As reflected by the timeline of identified publications the presented field is constantly expanding, particularly from 2021 onwards, with the expansion in exploitation of ML on exposomics targeting CVDs being predominantly driven by research in the US and Asia. However, the past 4 years the EU has shown an increasing interest in the Human Exposome Project initiating multimillion funding and thus recognizing potential to enhance public health [75].

Two main categories of studies have been identified based on the selected target variable and the application context of the system under development. The first category focuses on forecasting crucial cardiovascular outcomes or associated risk levels while the second targets resource-related variables typically reflecting healthcare demand such as the number of CVD-induced hospital admissions or the identification of peak demand days of hospitalizations. The former studies often aim to identify key determinants of the target outcomes and rank them in terms of feature importance and the latter usually aspires to build and deploy an early-warning system for medical resource allocation and management. Overall, the direction of research efforts falls within the scope of AI-driven health interventions aimed at effective risk stratification, public health surveillance, and health policy planning, all of which are described to contribute to health-related sustainable development goals [76].

Regarding ML techniques, it is noteworthy that ML tasks have been primarily framed in a supervised context, leaving ample space for the exploration of under-researched unsupervised techniques. Overall, a variety of machine learning algorithms spanning from linear to non-linear and ensemble algorithms has been exploited. In many cases different categories of algorithms are employed and compared against each other. Ensemble algorithms seem to be the most widely adopted approach and especially Random Forest and XGBoost which frequently rank as the most efficient solutions in comparative experiments. In the context of unsupervised learning and data clustering, more methods could be explored imposing minimal assumptions on data, trying to identify patterns, simplify large datasets and also enhance predictive modeling. An addition to the toolbox of the well-established linear clustering methods would be the case of non-linear clustering algorithms and specifically the so-called manifold learning, which aims to cluster data by identifying the intrinsic manifold upon which the data resides [77].

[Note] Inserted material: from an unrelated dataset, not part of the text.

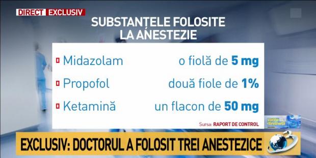 Documentul amintit confirmă faptul că această clinică nu avea dreptul să facă anestezie generală, nu era autorizată pentru o secţie de anestezie şi terapie intensivă, aşa cum se întâmplă în cazul unei anestezii generale: există un compartiment special, un salon de trezire, aparatură, ventilaţie, defribrilator, o persoană care trebuie să stea lângă pacientul anesteziat.

With respect to investigations related to the employed feature space, environmental exposure seems to be the most widely adopted category within the exposome. The bulk of relevant literature explores diverse factors ranging from pollutant concentrations, average sound levels and meteorological parameters to biomarkers reflecting the extent of human exposure to heavy metals. Following closely are socio-economic factors, encompassing aspects such as current employment status, education level, income, lack of health insurance and food insecurity. Lastly, lifestyle-related factors, mostly reflecting dietary/sleep patterns and quality along with various health habits such as drinking alcohol or smoking, are also addressed in a significant portion of the identified literature. Notably, environmental exposure is the only category often investigated individually while socioeconomic and lifestyle factors are typically studied in combination with other categories.

Important limitations have been reported across pertinent literature. Firstly, validity of exploited ground truth cannot be ascertained e.g. upon the use of diagnostic codes corresponding to hospitalizations or death certificates. Second, in case of self-reported data categories such as lifestyle data, subjectivity and recall bias cannot be avoided. Third, the bulk of conducted research only involved incidents that occurred in a single region. Another important limitation stems from the lack of temporal alignment between the collection of medical data concerning CVD incidents and the collection of exposome-related data. Most of the time, the data sources are not comprehensive and/ or standardized [36]. Fifth, several works report limited availability of data sources and finally, it is difficult to directly compare results from different studies since they are heterogeneous in terms of target, problem framing, study design and sample size and outcome assessment as reflected by the occasional lack of an external validation process but also by the diverse metric scores reported.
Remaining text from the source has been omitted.